A recent article (http://news.tgc.com/msgget.jsp?mid=328047 [M328047]) by Christopher Lazou published in HPCwire espoused the virtues of the new HPCC benchmarking suite being developed at the University of Tennessee which is intended to evaluate high performance computing systems by stressing their workload capacities above and beyond the relatively simple computational kernel used in the Linpack benchmark. The HPCC benchmarks are much more applicable to the typical workload of a modern supercomputer where many applications do not spend their time in optimized linear algebra routines but instead require high memory and interconnect bandwidth, and may use other computational kernels such as Fast Fourier Transforms. Whether the end result is a series of individual awards for each benchmark or an overall winner of a computing decathlon is less important than the ability to gain an insight into the relative strengths and weaknesses of different systems, determine whether there are areas in which many systems are able to offer similar performance or whether there are some manufacturers whose technology is highly advanced in comparison to their competitors.

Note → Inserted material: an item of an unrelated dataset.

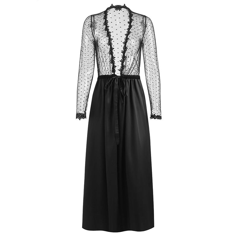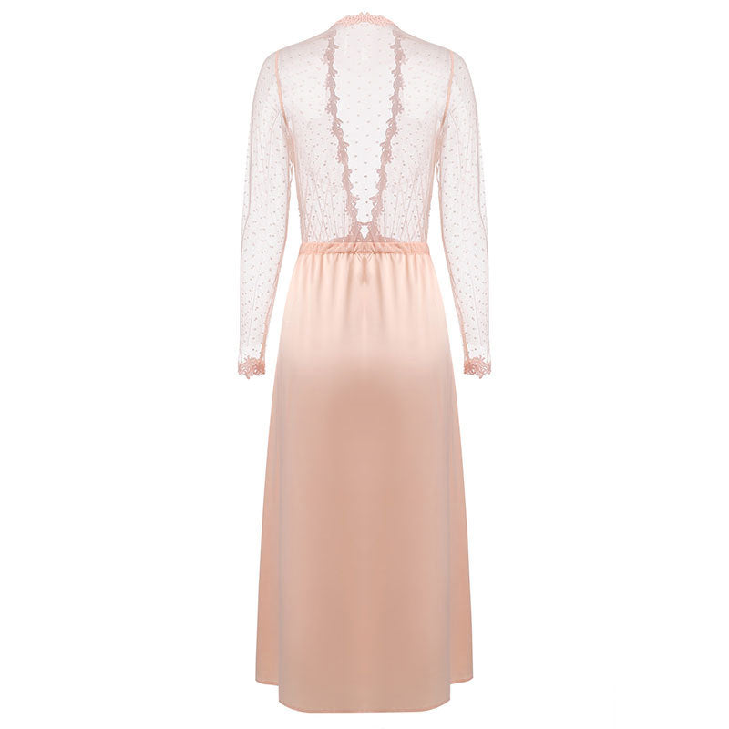 Plunge Polka Dot Silky Lace Robe

It is in this latter area where the article contained serious flaws in that the results presented on the HPCC website were taken out of context and, depending in the benchmark in question, either the highest or lowest three numbers were taken as the best performers in that category without any consideration of the methods employed to improve performance by the submitting vendor or institution. This suite of benchmarks is intended to evaluate the performance of real computer systems, but the level of information provided on the website is sufficient to allow the reader to come to reasonable conclusions about the applicability of the benchmark results to real life situations. For example, it may be justifiable for a small number of processors available on a shared memory machine to be given over to operating system tasks, as might be usual practice in a production environment, but the submission of results for a large machine which only made use of a small number of processors in order to benefit the embarrassingly parallel per-processor scores would show up in the data, allowing the reader to deduce the usefulness of these numbers in assessing computer systems.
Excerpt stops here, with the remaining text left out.